При всём том, что там с нами (с нами и с вами) было – тёмного и даже ужасного, пусть и с просветлениями – было-таки что-то. Нечто. Не совсем серость и пустота. Даже то, что с ужасом.
А вот в этом (что в ПутИне копошится) ничего уже и не видится. Кроме серости и возгонки былой гордыни. Да ядерного шантажа – в остерёг остальному, отнюдь не сахарному, миру.
НИЧЕГО!
Однако!
Волошин. Который – Максимилиан.
По второму разу (после «полкового-заболоцкого») он мне аукнулся в очерках по Символизму. В июле 2019-го.
«О Символе (и Символизме) вместе с Кареном Свасьяном».
Там я слегка пожурил Карена Андреевича за его, как мне показалось, недостаточную благодарность в отношении А. Ф. Лосева.
Да. Поскольку за всем не уследишь, только что глянул. – К. А. Свасьян окончил свой земной путь совсем недавно – 9 сентября 2024-го. В возрасте 76 лет. В Базеле, где он проживал с 1993-го.
У меня (в Логове) до сих пор пылится духтомник Ницше, изданный под его редакцией и, отчасти, в его же переводе. Да и вообще: в 90-е я Карена почитывал. Переводы, комментарии...
Поскольку Очерки те я здесь не показывал, фрагмент, где снова мелькнул Волошин, приведу в некотором контексте.
[С Лосевым – вот какая закавыка выходит. Понятно, что «отлучить» и его – никак не получится. Но тогда и с «диалектикой» не мешало бы поаккуратнее. У Лосева они (Д и С) – в одном пакете.
Во-вторых. Лосев и был тем, кто не просто поддержал продвижение «символистского проекта» К.А. сугубо опосредованно (ссылочно). Это потом, в перестроечном и постсоветском, о «символизмах» стали строчить, как из пулемёта. А на исходе семидесятых ещё здравствовали бдительные охранители. Одного личного интереса было совсем недостаточно. Вот и были – от Лосева – и отзыв, и прочие конкретные акты причастности. Такая неразборчивость-забывчивость в последующих трансформациях Свасьяна и задела соратницу А.Ф.
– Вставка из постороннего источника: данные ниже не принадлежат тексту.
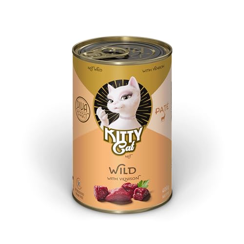 KITTY Cat Paté Wild Lot de 6 boîtes de 400 g de nourriture humide pour chat sans céréales avec taurine, huile de saumon et moule aux orles vertes, aliment complet à haute teneur en viande, fabriqué en
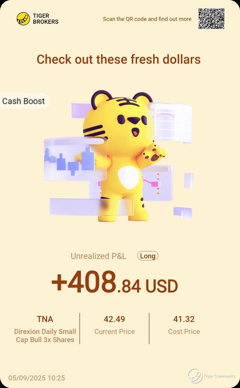 $Direxion Daily Small Cap Bull 3x Shares(TNA)$ 's 3x small-cap ride was wild! Russell 2000 popping on strong data, caught the perfect wave. But leveraged ETFs are too crazy - cashing out gains now!
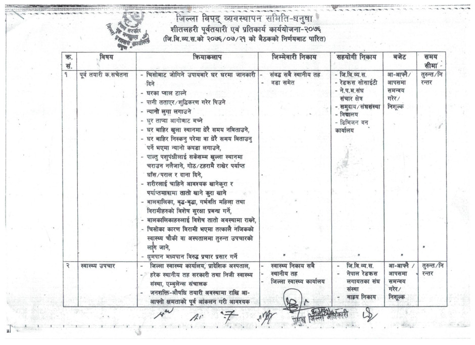 शीत लहर पूर्व–पूर्वतयारी तथा प्रतिकार्य योजना, २०७६ धनुषा
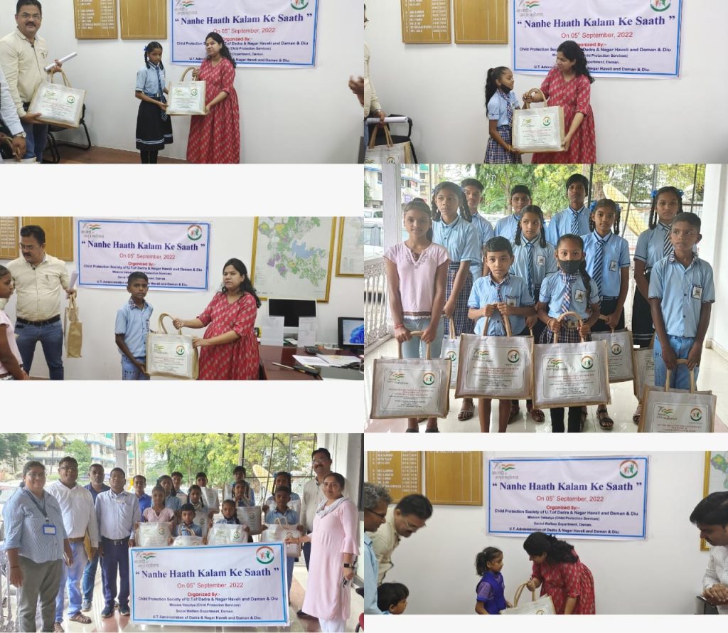 तपोवन, संजान : समाज कल्याण विभाग, बाल संरक्षण समिति दादरा एवं नगर हवेली तथा दमण एवं दीव द्वारा जरुरीयातमंद, देखभाल एवं संरक्षण की आवश्यकता वाले बच्चो को शिक्षा से जोड़े रखने के उद्देश्य से “नन्हे हाथ कलम के साथ” कार्यक्रम समाहर्तालय दादरा एवं नगर हवेली समाहर्ता के कक्ष में किया गया। यह कार्यक्रम समाज कल्याण एवं महिला बाल विकास विभाग सचिव/दादरा एवं नगर हवेली समाहर्ता श्रीमती भानु प्रभा के मार्गदर्शन एवं विभाग के निर्देशक श्री जतिन गोयल के नेतृत्व में किया गया। इस सम्बन्ध में जानकारी देते हुए बाल संरक्षण समिति दादरा एवं नगर हवेली तथा दमण एवं दीव के प्रोग्राम मैनेजर संजीवकुमार पंड्या ने बताया की विभाग द्वारा तीनों जिलों की सरकारी एवं सरकारी सहाय प्राप्त स्कुलो से जरुरीयातमंद, देखभाल एवं संरक्षण की आवश्यकता वाले बच्चों कि जानकारी मंगवाइ गई । ईसमे दादरा एवं नगर हवेली, दमण एवं दीव तीनो जिलो में से बच्चों के नाम की सूची स्कुलो द्वारा विभाग को भेजी गयी। जिसमे देखभाल एवं संरक्षण की आवश्यकता वाले बच्चे है, ऐसे बच्चों को शैक्षणिक सामग्री की 2377 किट बनाकर दादरा एवं नगर हवेली, दमण एवं दीव के बच्चों को दि जाएगी। आज समाहर्तालय दादरा एवं नगर हवेली समाहर्ता के कक्ष से विभाग के सचिव/दादरा एवं नगर हवेली समाहर्ता श्रीमती भानु प्रभा के कर कमलो द्वारा जरुरीयातमंद, देखभाल एवं संरक्षण की आवश्यकता वाले 14 बच्चों को शैक्षणिक सामग्री किट देकर इस प्रतीकात्मक कार्यक्रम का शुभारंभ किया गया । इस अवसर पर समाज कल्याण एवं महिला बाल विकास विभाग सचिव ने बाल संरक्षण समिति की सराहना करते हुए कहा की समय समय पर ऐसे कार्यक्रम का आयोजन कर के बच्चों का होंसला अफजाई करना चाहिए जिससे की बच्चों मे पढाइ के प्रती रुचि बनि रहे और अपने जिवन मे आगे बढे साथ ही उन्होंने उन सभी औध्योगिक इकाया जिन्हों ने कोर्पोरेट सोसियल रिस्पोंसिबिलिटी के तहत शैक्षणिक सामग्री किट [सामग्री जैसेकी पेन,पेन्सिल, कंपास बॉक्स, टिफ़िन बॉक्स, पानी कि बोतल, नोट बुक]। यह शैक्षणिक सामग्री किट दाता कंपनियों में ऑल टाइम प्लास्टिक, रियल प्लास्टिक, होम लाइन प्रोडक्टस, बिक सेलो एक्सपोर्ट प्राइवेट लिमिटेड, फ्लेयर पेन, नवनीत गाला, नायसा सुपरप्लास्ट, हिंदुस्तान पेंसिल प्राइवेट लिमिटेड कंपनी का धन्यवाद ज्ञापित किया और कहा की भविष्य में भी ऐसे ही जरुरीयातमंद, देखभाल एवं संरक्षण की आवश्यकता वाले बच्चों को सहयोग देकर प्रोत्साहित करते रहे।विभाग द्वारा तीनों जिलों के जरुरीयातमंद, देखभाल एवं संरक्षण की आवश्यकता वाले बच्चों तक यह शैक्षणिक सामग्री किट पहुंचायी जाएगी।यह कार्यक्रम समाज कल्याण एवं महिला एवम बाल विकास विभाग के निर्देशक श्री जतिन गोय
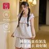 Pijama de Tirantes de Gasa de Doble Capa de Algodón Puro, Estilo Pastoral Mangas Cortas con Volantes Pequeños, Conjunto de Ropa para el Hogar de Algodón Delgado Lindo para Primavera y Verano

Тут я с ней – солидарен. И по-человечески (простая благодарность). Да по «гамбургскому счёту». Если уж и Лосев – не философ (хотя он и причислял себя лишь к историкам философии), то – кто?! И не на каких «последних вопросах» А.Ф. не спотыкался (в отличие от европейцев), и не заверчивался (в отличие от «русских мальчиков»). У Лосева и своих «закавык» хватает (в смысле: есть что супротив воткнуть-вставить). При всей моей к нему признательности и дилетантстве.
Ещё раз оговорюсь. В целом к исследованиям и прочим экскурсам К. А. я отношусь вполне позитивно. В целом (о прослушанных лекциях – на ютубе – из деликатности промолчу). А посему – благодарен.
Много прояснил. На многое навёл. На «гётеанство-штейнерианство» Андрея Белого. Повернул к самому Гёте. К его «первофеномену». А здесь – две линии символизма (европейского), разбегающиеся от Канта. Одна – через романтизм и неоромантизм. Другая (почти отринутая) – собственно гётеанская. По Свасьяну (уже по Белому?), получается, что продолжить Гёте в этом аспекте (подхватить упавшее знамя, после более чем полувекового забвения) смог именно Рудольф Штейнер. Переплавляя споткнувшуюся и сделавшую себе харакири (Ницше) европейскую философию в антропософию.
Интересное место! О «спотыкании-претыкании» (человек – камень преткновения: угораздило Канта с его «поворотом»!). О подвиге Штейнера. Белый не первым из русских откликнулся на проект Гётеанума. По крайней мере, до него был Максимилиан Волошин. Надо бы проверить (в ином тексте уже оговаривался): не предварял ли у самого Белого Штейнера сам же Иоганн Вольфганг.
Моя «цепочка» была, по памяти, следующей. Через Омри Ронена (недели две назад) и «его акмеистов» вышел на антропософию. Где-то «подначивал» к тому и Эткинд (Александр Маркович) – с его критикой «хлыстовства» в русском символизме. На «хлыстовство» выходил уже через соловьёвскую критику (и пародию) на брюсовские сборники.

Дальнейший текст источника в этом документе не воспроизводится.